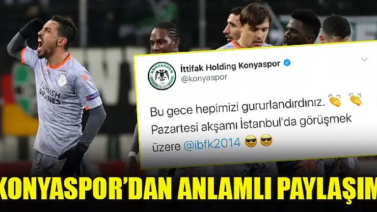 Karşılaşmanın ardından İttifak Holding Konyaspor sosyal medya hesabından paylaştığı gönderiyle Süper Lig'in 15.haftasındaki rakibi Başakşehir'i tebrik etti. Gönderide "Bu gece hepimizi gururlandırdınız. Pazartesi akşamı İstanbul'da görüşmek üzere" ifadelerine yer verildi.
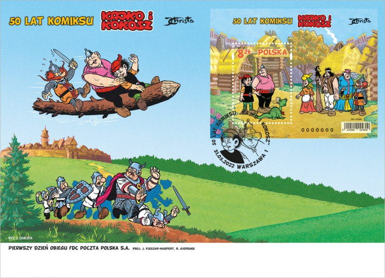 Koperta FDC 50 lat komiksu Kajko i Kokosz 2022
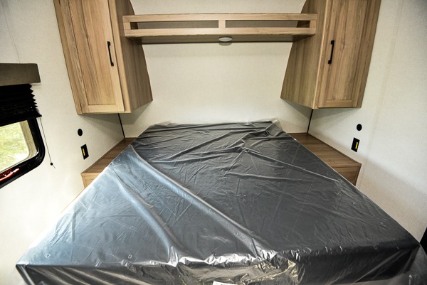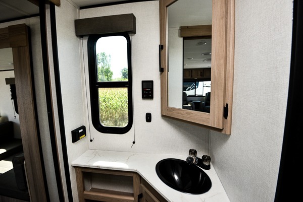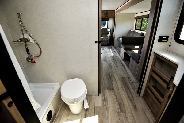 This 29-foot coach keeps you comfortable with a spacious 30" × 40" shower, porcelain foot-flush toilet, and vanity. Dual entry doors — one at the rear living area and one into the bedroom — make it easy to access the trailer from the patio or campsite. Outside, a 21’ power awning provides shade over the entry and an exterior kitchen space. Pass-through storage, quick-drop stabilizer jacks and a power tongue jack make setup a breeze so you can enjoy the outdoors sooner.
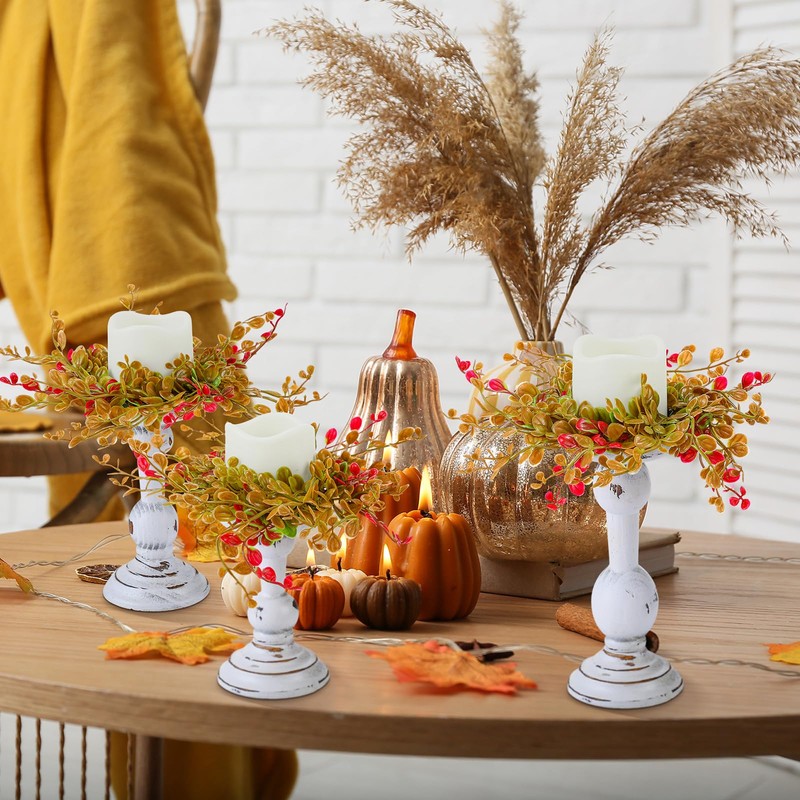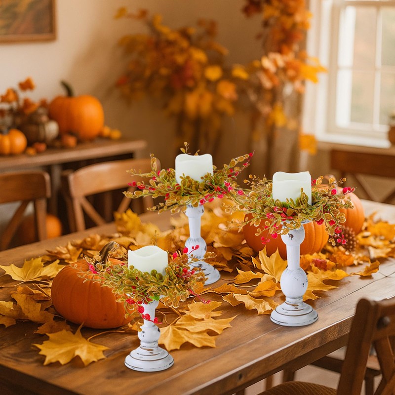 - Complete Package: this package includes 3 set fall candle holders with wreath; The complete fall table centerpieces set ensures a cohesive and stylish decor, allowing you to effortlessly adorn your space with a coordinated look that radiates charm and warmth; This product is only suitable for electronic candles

□ □ □ □ □ □ □

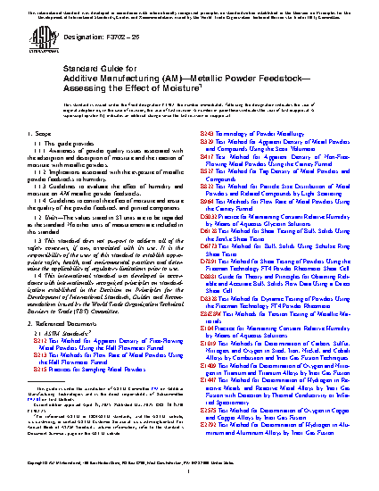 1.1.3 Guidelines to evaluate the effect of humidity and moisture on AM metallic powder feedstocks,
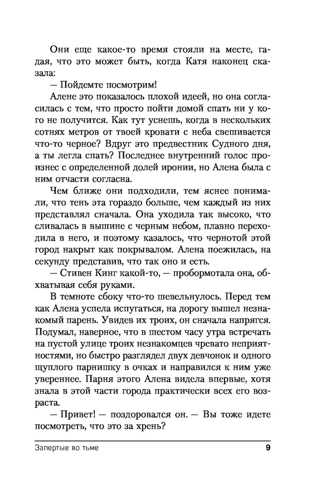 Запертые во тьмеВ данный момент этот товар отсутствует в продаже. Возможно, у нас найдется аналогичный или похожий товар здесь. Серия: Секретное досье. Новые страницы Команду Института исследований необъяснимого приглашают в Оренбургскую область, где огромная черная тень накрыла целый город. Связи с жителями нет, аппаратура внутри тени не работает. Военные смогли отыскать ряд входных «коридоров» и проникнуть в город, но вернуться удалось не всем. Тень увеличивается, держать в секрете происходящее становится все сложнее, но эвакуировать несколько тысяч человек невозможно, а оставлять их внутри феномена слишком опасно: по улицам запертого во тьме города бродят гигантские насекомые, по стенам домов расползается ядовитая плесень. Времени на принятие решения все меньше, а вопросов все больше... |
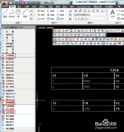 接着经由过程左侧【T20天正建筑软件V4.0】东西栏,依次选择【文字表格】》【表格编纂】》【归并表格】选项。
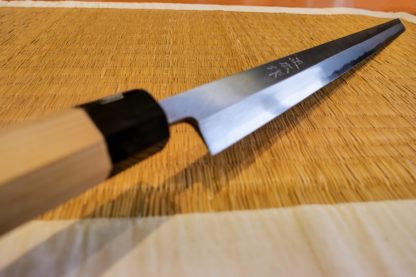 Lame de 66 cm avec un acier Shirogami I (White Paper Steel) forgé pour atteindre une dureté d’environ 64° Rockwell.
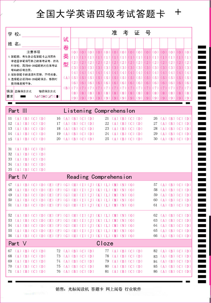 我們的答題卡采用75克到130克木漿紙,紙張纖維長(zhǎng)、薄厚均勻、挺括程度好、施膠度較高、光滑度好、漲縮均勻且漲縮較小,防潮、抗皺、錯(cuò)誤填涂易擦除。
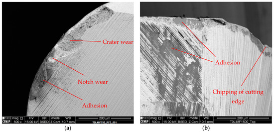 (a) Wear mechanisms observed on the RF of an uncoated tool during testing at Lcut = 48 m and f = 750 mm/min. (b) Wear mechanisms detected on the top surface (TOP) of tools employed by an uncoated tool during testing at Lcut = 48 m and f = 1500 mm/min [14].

□ □ □ □ □ □ □

*Problem:*
Would you please reproduce the entries above, starting at the line with "Lame de 66 cm" and stopping after the line with "(a) Wear mechanisms"? Omit any pictures.

*Expected answer:*
 Lame de 66 cm avec un acier Shirogami I (White Paper Steel) forgé pour atteindre une dureté d’environ 64° Rockwell.
 我們的答題卡采用75克到130克木漿紙,紙張纖維長(zhǎng)、薄厚均勻、挺括程度好、施膠度較高、光滑度好、漲縮均勻且漲縮較小,防潮、抗皺、錯(cuò)誤填涂易擦除。
 (a) Wear mechanisms observed on the RF of an uncoated tool during testing at Lcut = 48 m and f = 750 mm/min. (b) Wear mechanisms detected on the top surface (TOP) of tools employed by an uncoated tool during testing at Lcut = 48 m and f = 1500 mm/min [14].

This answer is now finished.